Dicevano che la Libia era in via di stabilizzazione. Che il peggio era passato. E non c’era ragione per non dover trattenere lì i migranti e i profughi. Perché la presenza delle agenzie Onu era una garanzia di rispetto dei diritti umani. E che insomma tutto il resto, le torture, gli abusi, la schiavitù, gli stupri perfino sui bambini, erano acqua passata. Nient’altro che le solite notizie farlocche dei soliti pennivendoli della solita stampa schierata contro il governo.

Fino a quando non è arrivato l’ennesimo appello del segretario generale delle Nazioni Unite, che in un raccapricciante rapporto di fine 2018 accusava le autorità libiche che gestiscono i centri di detenzione per i migranti di commettere “orrori indicibili”.

Così ha cominciato a incrinarsi la narrazione trionfale di una Tripoli verso la pacificazione grazie ai successi della diplomazia tricolore. E più cresceva la consapevolezza degli orrori, più la guerra ai soccorritori del mare si faceva cruenta. Con la Sea Watch bloccata a fine gennaio per una decina di giorni tra Lampedusa, Siracusa e infine Catania. Come sempre accade, i migranti poi vengono fatti sbarcare. Ma il segnale per le Ong è chiaro: venire in Italia vuol dire mettersi nei guai, restare in balia del mare e della politica per giorni, e infine magari indagati.

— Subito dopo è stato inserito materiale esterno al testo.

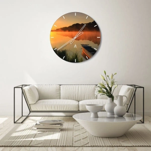 Zegar ścienny - Poranna mgła nad rzeką z łódką w promieniach słońca - 30x30cm - Wschód słońca nad wodą jak tafla lustra - Nowoczesna dekoracja ścienna do salonu i sypialni ARTTOR

Gli atti ufficiali, però, raccontano un’altra storia. Richiesti di spiegare per quale ragione navi come l’italiana Mare Jonio hanno subito l’ordine di stop e a motori spenti, intimato da una motovedetta della Guardia di finanza e non rispettato dal comandante del vascello umanitario, sia il ministero dell’Interno che quello dei Trasporti (competente sul controllo marittimo) negano che sia mai stata impartita una simile richiesta e ribadiscono che in nessun atto ministeriale si possa rinvenire un divieto di accesso ai porti italiani.

Lo scontro, però, si sposta dal piano politico a quello giudiziario. Per due volte esponenti del governo italiano sono stati accusati di “sequestro di persona”. E non era mai accaduto in nessuna democrazia che rappresentanti di un esecutivo venissero indagati per abusi di potere a danno di profughi, e tra essi anche diversi minorenni. Basterebbe questo a dare la misura di scelte politiche che la misura l’hanno smarrita da tempo.